Сквозь уличный гомон слышались разговоры – кто-то договаривался о покупке товара, кто-то спорил о цене. Жаксылык прислушивался, но не задерживался у витрин, не останавливался, чтобы рассмотреть вывески. В его голове всё ещё звучал лишь один вопрос: «Где найти работу? Куда податься?»

Жаксылык был одиноким в этом городе. Он шел налегке, без всякого груза, как будто прошлое уже не имело для него значения, а будущее пока ещё не определилось. Вся его фигура была воплощением смирения и отчаяния человека, который оторвался от родных краев, но пока так и не нашел опоры в новом мире.

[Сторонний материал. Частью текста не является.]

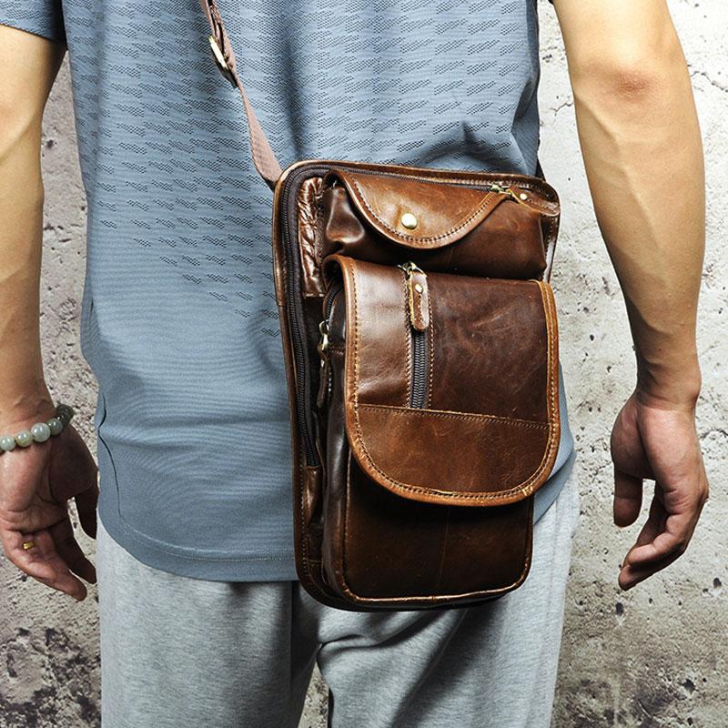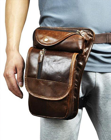 Design: Cool Leather Drop Leg Bag Belt Pouch Mens Waist Bag Shoulder Bag for Men
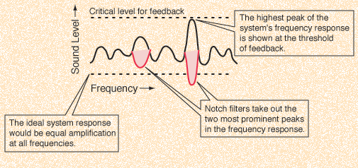 Notch FiltersWhen a non-uniform frequency response of an amplification system/room combination causes the system to "ring" before giving adequate amplification, the potential acoustic gain can sometimes be improved with the use of notch filters to take out the offending frequencies as illustrated below. Shown is the use of two notch filters to discriminate against the two most prominent peaks in the frequency response. ![]() Often several such tunable notch filters are packaged together and marketed as "feedback suppressors" . Sometimes such feedback suppressors are used to smooth out the roughest spots before undertaking a full-fledged equalization of the sound system.
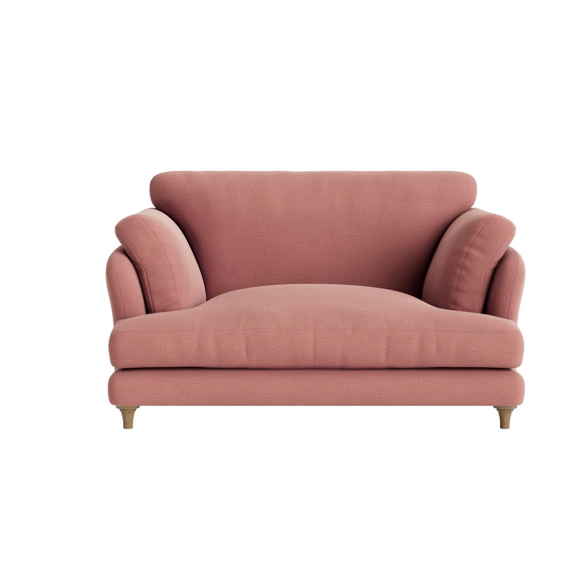 I really like the little love seat - it’s a versatile choice that works well in both modern and more traditional interiors. The soft pink hue adds a gentle pop of colour without overwhelming a space, making it ideal for cosy living rooms or even a chic bedroom sitting area. When styling, consider pairing it with neutral or muted tones to let the sofa be the focal point, or with bold accessories for a more eclectic vibe. Its compact size is practical for smaller spaces, and the plush fabric invites comfort. To keep the look polished, add textured cushions or a throw that complements your overall colour palette. Overall, it's a smart piece for creating inviting corners and adding a touch of colour to your interior.
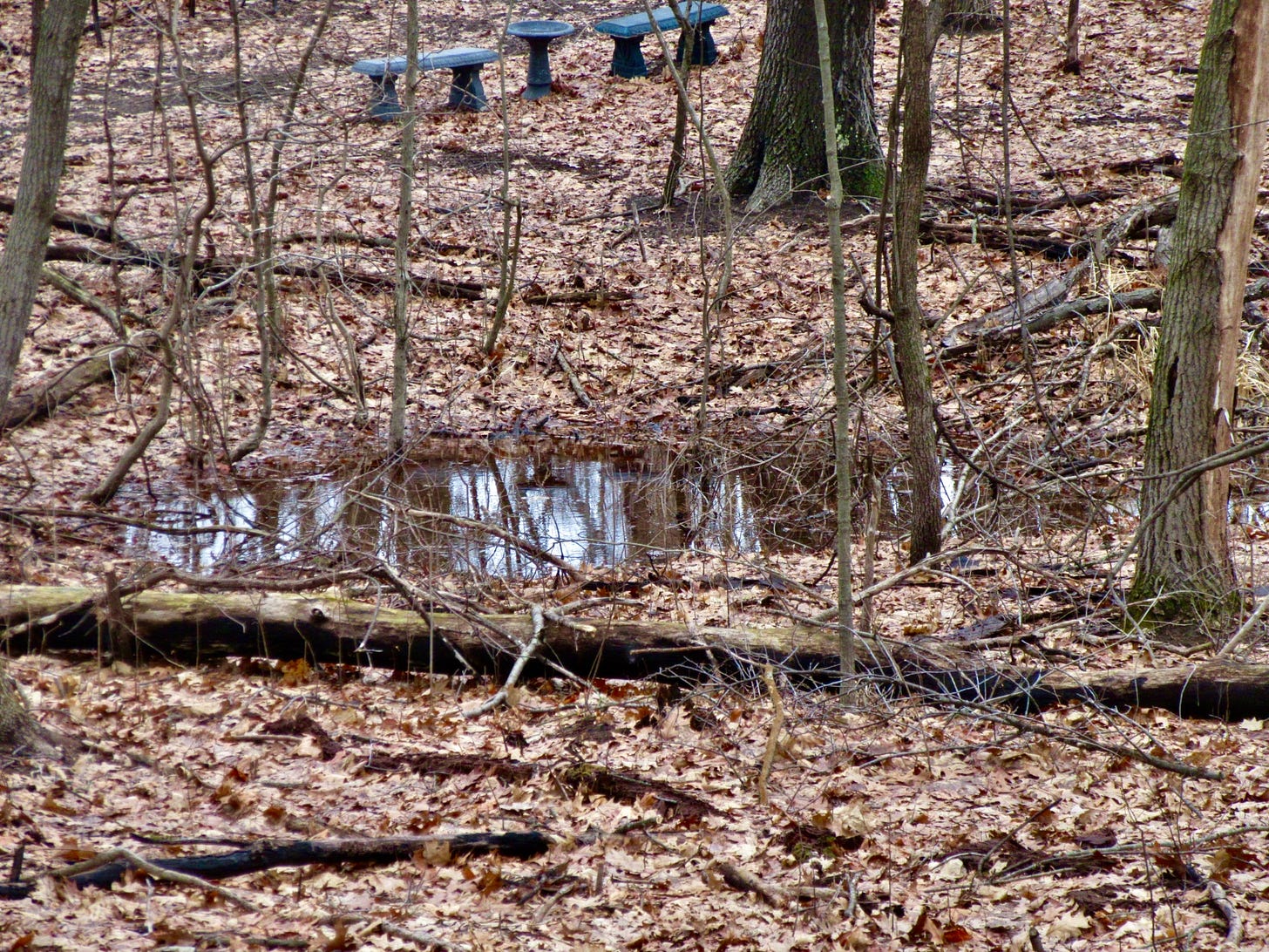 A vernal pool has lately arrived in my forest. It is a temporary body of water that shows up in spring. Vernal pools are where you come to breed. You crawl out of the dark soil, running your limbs along the ground, not caring that your stomach drags. You are free. You survived the winter.

Иногда он ловил движение краем глаза – кто-то шел ему навстречу или обгонял, но он не поднимал взгляд. Ему казалось, что, встретившись глазами с кем-то, он почувствует ещё большую беспомощность. Его хрупкая надежда на новую жизнь и без того держалась на волоске. Жаксылык не знал, куда идет, но внутри тлела крохотная искра – может, за следующим поворотом его ждет шанс.

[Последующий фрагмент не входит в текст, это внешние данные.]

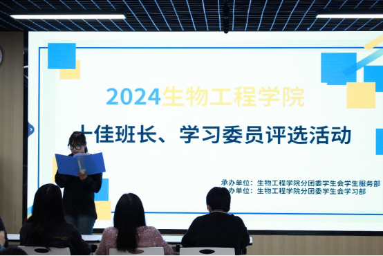 通讯员(邹龙奕霏)为充分发挥员工干部的模范引领作用,生物工程公司于2024年4月7日星期日在教学楼B4305举行“十佳班长、十佳学习委员”评选活动。学工办主任郝淑颖老师,辅导员王海芸老师、余海鹏老师、刘婷婷老师出席了本次活动,活动由薛梦瑶同学主持。
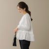 清楚なフリルが目を惹くブラウスは、軽やかな羽織りとしても活躍。
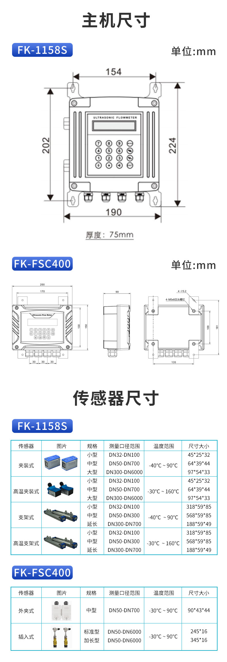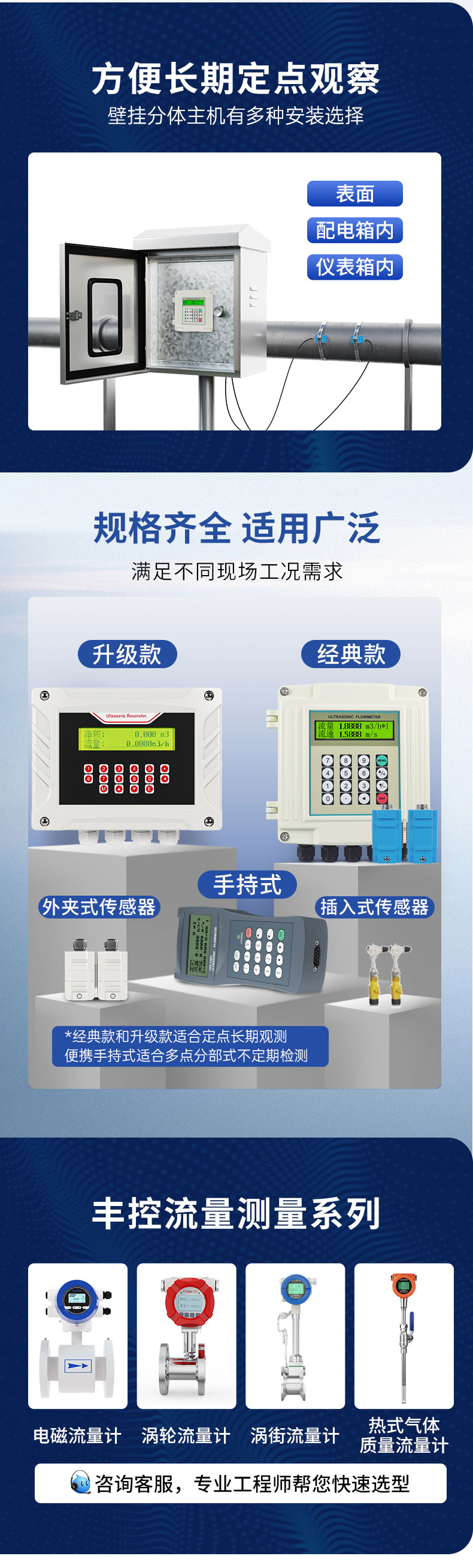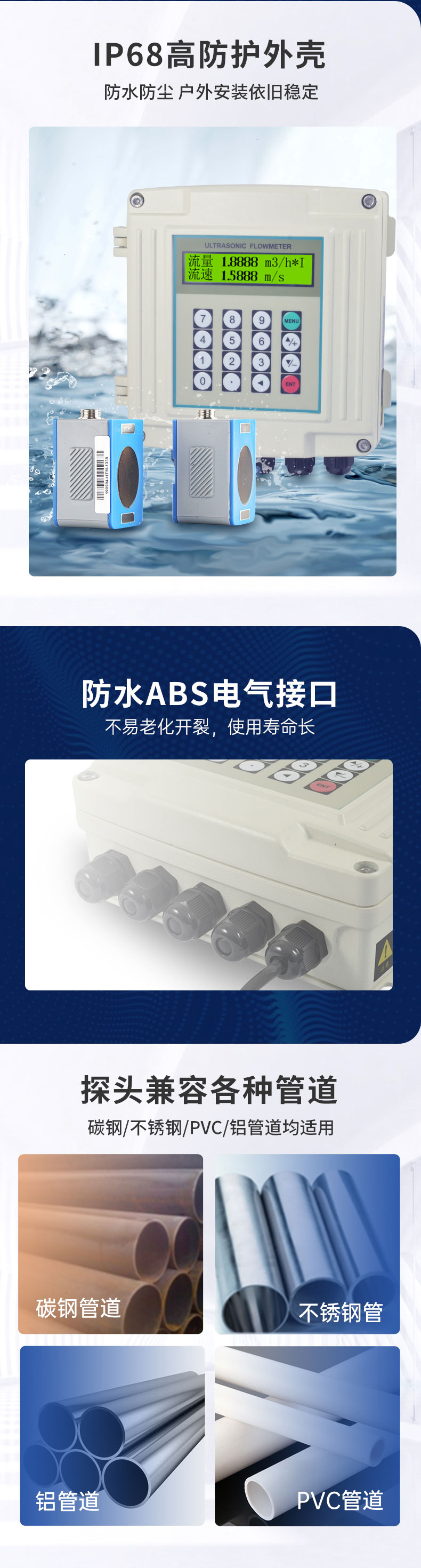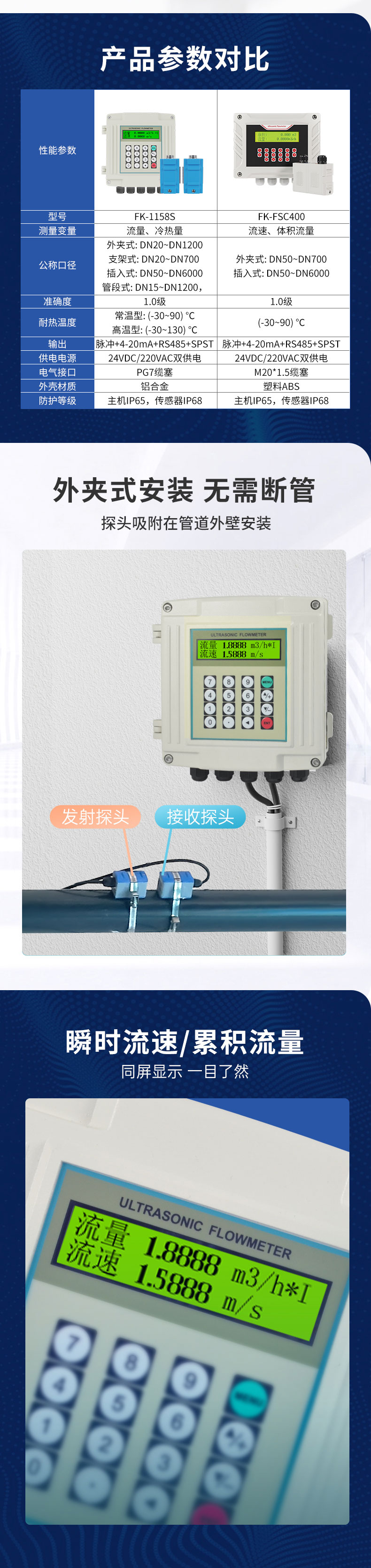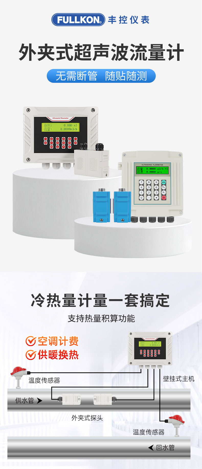 高精度超声波流量计壁挂管道流量计液体水插入外夹式冷热量传感器

К вечеру ноги Жаксылыка гудели от усталости. Он уже не мог отличить одну улицу от другой, всё смешалось в его голове: вывески лавок, запахи уличной еды, городской шум. В карманах было пусто, а в душе – тяжесть, словно груз неизвестности давил сильнее с каждым шагом. Он понятия не имел, где проведет ночь, но холодный ветер и надвигающиеся сумерки подгоняли его искать хоть какое-то укрытие. Его взгляд зацепился за небольшой дровник у стены дома. Между грудами колотых поленьев и сложенных дров было достаточно места, чтобы укрыться от ветра. Не раздумывая долго, Жаксылык залез внутрь, прячась от посторонних глаз. Дрова пахли сыростью и лесом, но это было лучше, чем ночевать под открытым небом. Он сел, подтянув колени к груди и укутавшись полами своего шапана. Живот громко урчал, напоминая о том, что весь день он не ел ни крошки. В памяти вдруг всплыла утренняя трапеза в доме купца, где он гостил по прибытию в город. Тогда, за столом, он выпил только кисюшку кумыса, не притронувшись к еде. Теперь этот завтрак казался ему чем-то нереальным, как будто он случился в другой жизни. Слюна скопилась во рту, но реальность тут же вернула его в настоящее – желудок урчал, но еды не было. Он сидел в дровнике, слушая, как снаружи утихает дневная суета. На улицах становилось всё темнее, лишь изредка раздавались шаги или голоса прохожих. Жаксылык крепче закутался в шапан, пытаясь согреться и унять голод. Он думал о том, что новый день должен принести хоть какие-то новости. Главное – дожить до утра. Жаксылык чувствовал, как каждую минуту ночи его тело было на грани усталости. В голове звенели мысли, которые не отпускали, не давая ему покоя. Было холодно, его тело жалобно отозвалось на холодный ночной воздух, но еще больше мучила его пустота в животе, от которой уже не оставалось сил. Он лежал на жесткой подстилке, с надеждой, что хотя бы завтра его жизнь изменится. Но ночь была долгая, и, как только первые лучи рассвета начали прокрадываться через небольшое отверстие, Жаксылык смахнул с лица остатки сна и, не раздумывая, вскочил.